A scene from the film 'Habemus Papam'. Photo / Supplied
A scene from the film 'Habemus Papam'. Photo / Supplied
Peter Calder previews this year's Italian film festival.
Given the circumstances in which it operates, it's something of a miracle that Italy has an indigenous film industry at all. The entertainment culture is hugely dominated by the empire of media mogul and Prime Minister Silvio Berlusconi, who is like Rupert Murdoch without the couth, and whose taste inculture may reasonably inferred from the company he keeps in his not-so-private life.
The fact that 26 per cent of the country's cinema box office in 2010 was made up of Italian films - a figure New Zealand film-makers would kill for - was largely because of the spectacular success of a handful of broad farces from veteran producers with massive promotional budgets.

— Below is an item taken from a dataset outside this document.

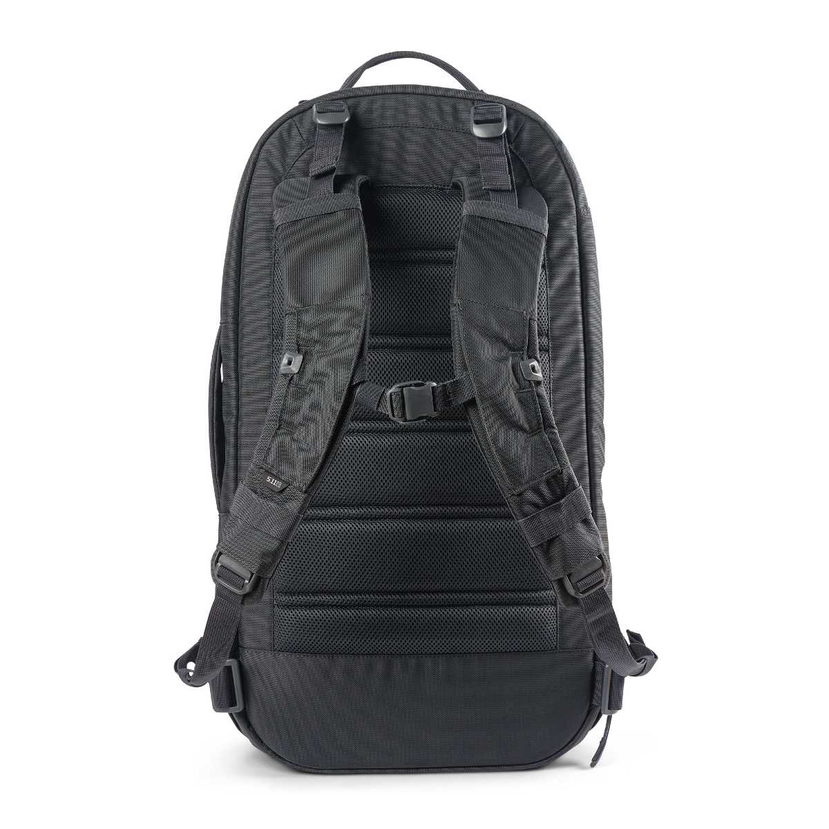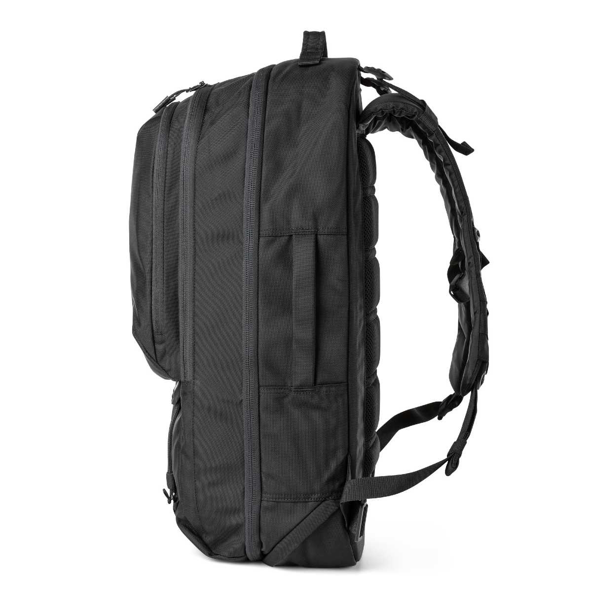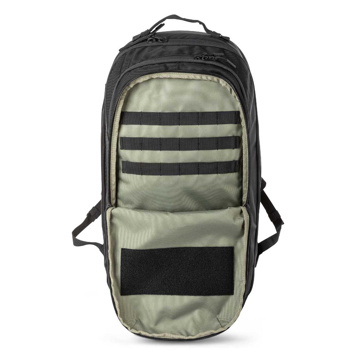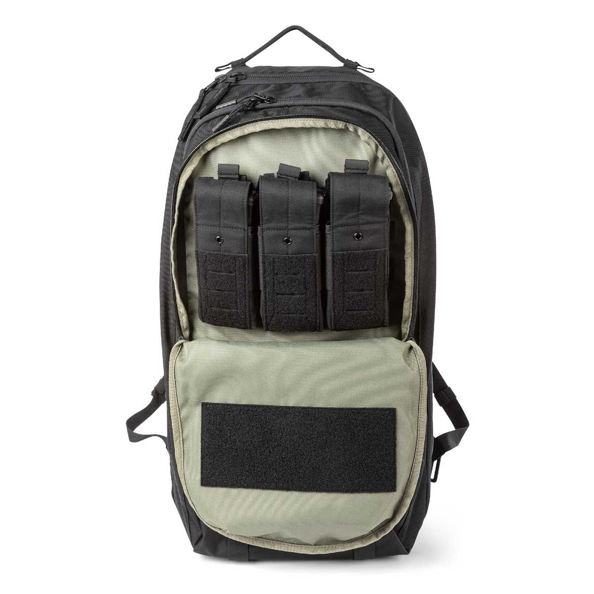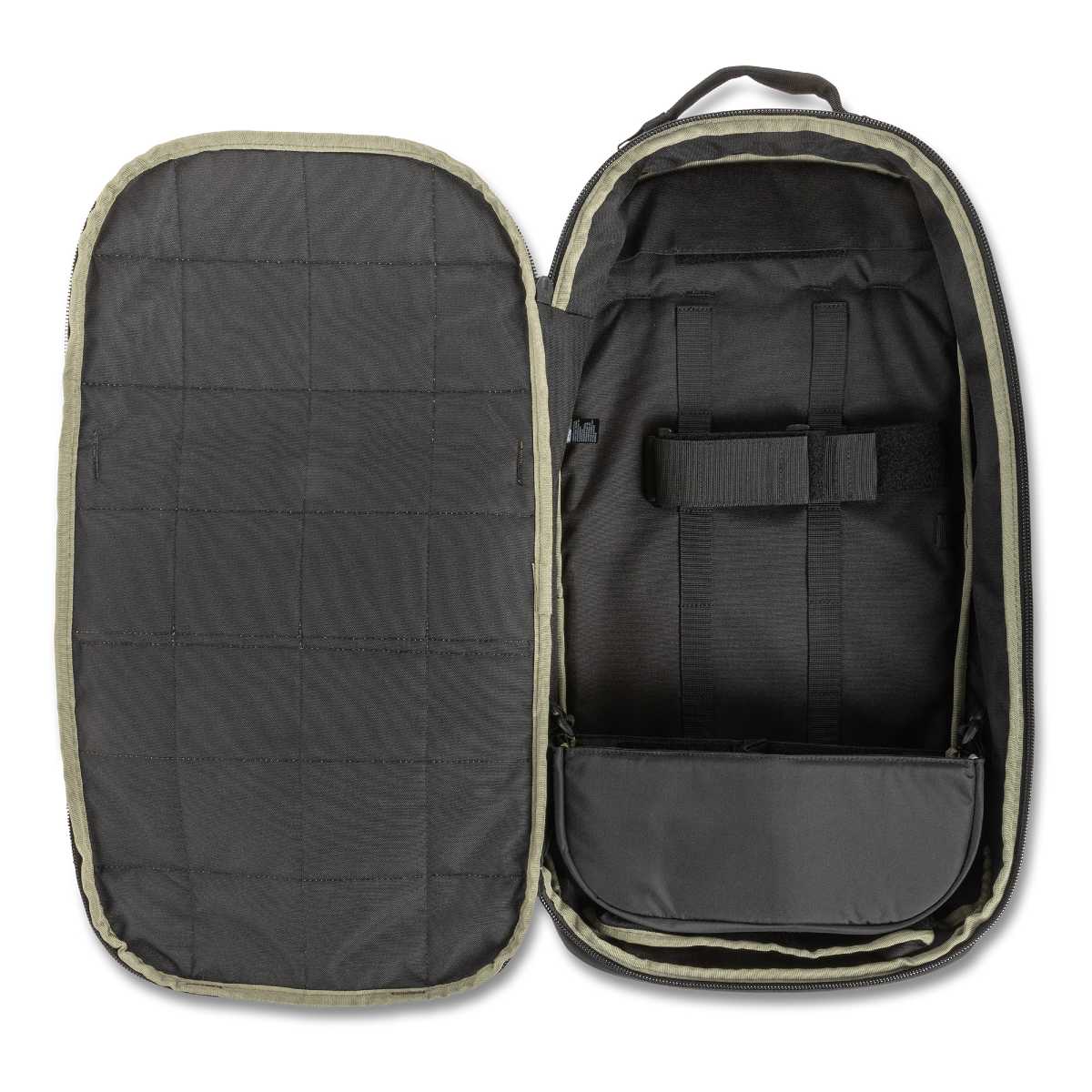 The LVC Covert Carry Pack has your six while deep undercover. 5.11's signature CenterLine™ design and tuckable labels help you keep a low profile. The outside is equipped with quick-release shoulder straps, a removable sternum strap, a side carry handle, and lower webbing straps for extra cargo or for attaching the 5.11 LVC6 bag. Dual front pockets are designed with admin organization and MOLLE webbing so you can organize your loadout to fit the mission. Inside the main compartment, a suspended padded laptop sleeve and a mesh zippered pocket give you more storage. The secondary weapon compartment has a reinforced muzzle pocket, web loops, and two rifle retention straps when you need to bring the heat. A 3"" drop-down extension in the primary weapons compartment can accommodate compact or full-size firearms. Tri-glides for optional waist belt attachment, an aluminum frame HDPE board, and comfortable foam padding with a flex cuff channel on the back make this pack easy to wear. The LVC series pack that seamlessly combines comfort and covert.

The makers of more thoughtful and nuanced films have been hit hard both by the global economic downturn which has dried up venture capital everywhere and by the decision of Berlusconi's ministers to abolish most state subsidies and a tax-shelter system. The fact that the works of many smaller film-makers deplored, explicitly or implicitly, the country's corrupt political culture and the tottering economy may have had something to do with that.
Local fans of Italian film have been moderately well-served in the last couple of years by the main midwinter film festival, which has had four or five titles each year. But the Italian Film Festival, now in its 16th year, the largest single-culture event on the film circuit, remains the place to catch up with the best of recent releases from il bel paese.
Festival director Tony Lambert has built up excellent contacts both in Italy and with Australian distributors, enabling him to assemble a very worthwhile programme.
This year's 20-film line-up includes a rare chance to see one of the great classics of Italian film, and a landmark of 20th-century cinema: The Bicycle Thieves, which dates from 1948, is the pre-eminent masterpiece of the so-called neo-realist movement which spurned the romanticised and sanitised films of the day in favour of a gritty realism in which shooting took place on location, rather than in the studio, and non-actors were used in main roles.
Of the modern films, the only one previewed is Habemus Papam, the new film by Nanni Moretti, a festival regular and an outspoken critic of the Berlusconi Government. (His 2006 film Il Caimano (The Alligator) was a thinly veiled attack on the Prime Minister and was widely credited with assisting in his election defeat that year).
The new film takes its title from the Latin utterance ("We have a Pope") made from the balcony of St Peter's when the conclave of cardinals meeting in the Sistine Chapel has chosen the successor to a pope who has died.
Moretti's film, a gentle, even tender political satire and a rumination on the nature of faith and duty, deftly weaves together real footage of the funeral of John Paul II and its aftermath, as crowds waited in St Peter's Square and the fictional story of a Bishop Melville (the great French star Michel Piccoli) as the Pope-elect who feels crushed by the weight of the responsibility laden upon him.
It sounds heavy-duty but Moretti's light, even playful touch keeps it bubbling along: a psychiatrist (played by Moretti himself) is engaged to talk to the stressed-out Melville, who has his own ideas about what he wants to do next. It's a bit like an ecclesiastical The King's Speech but with a definite Latin inflection.
LOWDOWN
What: The 2011 Alfa Romeo Italian Film Festival
When and where: Opens Wednesday at the Rialto and Bridgeway Cinemas in Auckland before touring to half a dozen other centres including Havelock North and Tauranga between now and the end of November.